→ Problem requirements
In the listing below, a line holding "Hauptschlafzimmer mit Meerblick" and a line holding "En 1937 es contratada" mark the range. Retype both exactly, with all lines between them.

→ Input data
• • • • • • •

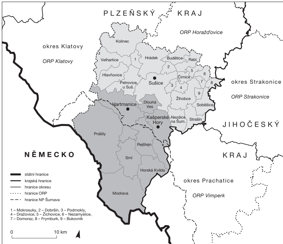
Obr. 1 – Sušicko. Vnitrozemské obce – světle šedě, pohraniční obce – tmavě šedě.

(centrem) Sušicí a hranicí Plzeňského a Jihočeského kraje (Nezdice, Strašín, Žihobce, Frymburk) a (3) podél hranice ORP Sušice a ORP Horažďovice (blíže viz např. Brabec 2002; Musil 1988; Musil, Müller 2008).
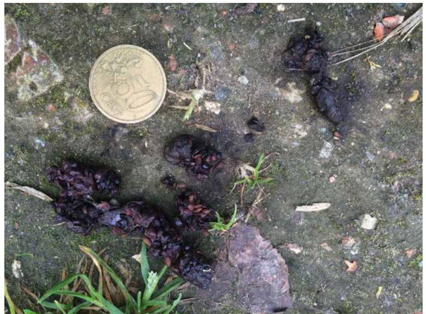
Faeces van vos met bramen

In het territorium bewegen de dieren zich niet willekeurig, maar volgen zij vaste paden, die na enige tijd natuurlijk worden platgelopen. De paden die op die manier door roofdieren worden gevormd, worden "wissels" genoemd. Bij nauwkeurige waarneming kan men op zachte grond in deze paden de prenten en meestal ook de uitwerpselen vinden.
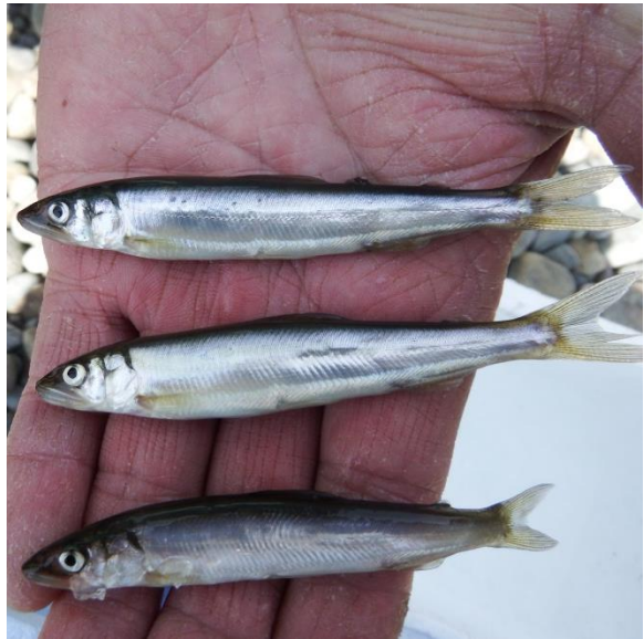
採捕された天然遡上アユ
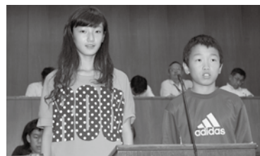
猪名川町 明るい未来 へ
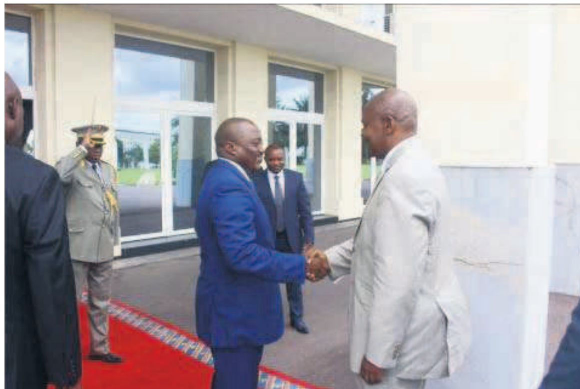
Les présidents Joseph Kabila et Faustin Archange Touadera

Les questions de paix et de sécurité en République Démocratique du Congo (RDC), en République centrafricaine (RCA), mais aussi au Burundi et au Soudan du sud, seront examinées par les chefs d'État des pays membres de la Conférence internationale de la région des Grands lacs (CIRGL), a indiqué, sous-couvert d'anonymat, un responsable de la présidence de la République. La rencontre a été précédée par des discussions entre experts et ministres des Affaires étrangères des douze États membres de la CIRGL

• • • • • • •

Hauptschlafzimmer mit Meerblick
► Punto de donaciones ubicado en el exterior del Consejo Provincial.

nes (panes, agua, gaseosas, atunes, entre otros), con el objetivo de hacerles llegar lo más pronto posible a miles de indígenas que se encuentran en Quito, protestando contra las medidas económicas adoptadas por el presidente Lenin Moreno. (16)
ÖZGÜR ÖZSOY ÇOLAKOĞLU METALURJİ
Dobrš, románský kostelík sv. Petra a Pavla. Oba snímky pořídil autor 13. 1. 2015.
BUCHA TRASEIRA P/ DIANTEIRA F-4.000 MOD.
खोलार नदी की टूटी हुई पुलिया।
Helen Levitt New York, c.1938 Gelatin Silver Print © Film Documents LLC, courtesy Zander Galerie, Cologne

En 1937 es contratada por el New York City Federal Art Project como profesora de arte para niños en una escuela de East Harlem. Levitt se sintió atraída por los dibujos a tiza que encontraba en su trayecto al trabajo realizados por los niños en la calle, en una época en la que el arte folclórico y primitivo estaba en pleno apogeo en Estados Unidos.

• • • • • • •

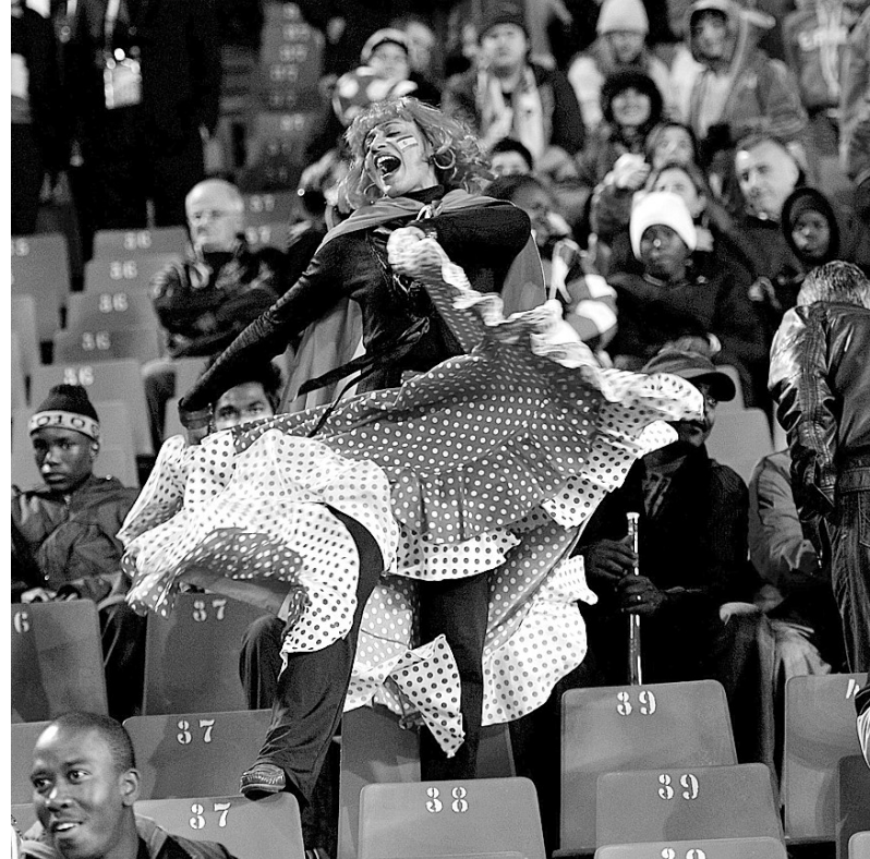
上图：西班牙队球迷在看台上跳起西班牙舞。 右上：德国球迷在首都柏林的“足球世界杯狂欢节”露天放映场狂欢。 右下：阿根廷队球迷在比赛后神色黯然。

• • • • • • •

→ Output for this task
Hauptschlafzimmer mit Meerblick
► Punto de donaciones ubicado en el exterior del Consejo Provincial.

nes (panes, agua, gaseosas, atunes, entre otros), con el objetivo de hacerles llegar lo más pronto posible a miles de indígenas que se encuentran en Quito, protestando contra las medidas económicas adoptadas por el presidente Lenin Moreno. (16)
ÖZGÜR ÖZSOY ÇOLAKOĞLU METALURJİ
Dobrš, románský kostelík sv. Petra a Pavla. Oba snímky pořídil autor 13. 1. 2015.
BUCHA TRASEIRA P/ DIANTEIRA F-4.000 MOD.
खोलार नदी की टूटी हुई पुलिया।
Helen Levitt New York, c.1938 Gelatin Silver Print © Film Documents LLC, courtesy Zander Galerie, Cologne

En 1937 es contratada por el New York City Federal Art Project como profesora de arte para niños en una escuela de East Harlem. Levitt se sintió atraída por los dibujos a tiza que encontraba en su trayecto al trabajo realizados por los niños en la calle, en una época en la que el arte folclórico y primitivo estaba en pleno apogeo en Estados Unidos.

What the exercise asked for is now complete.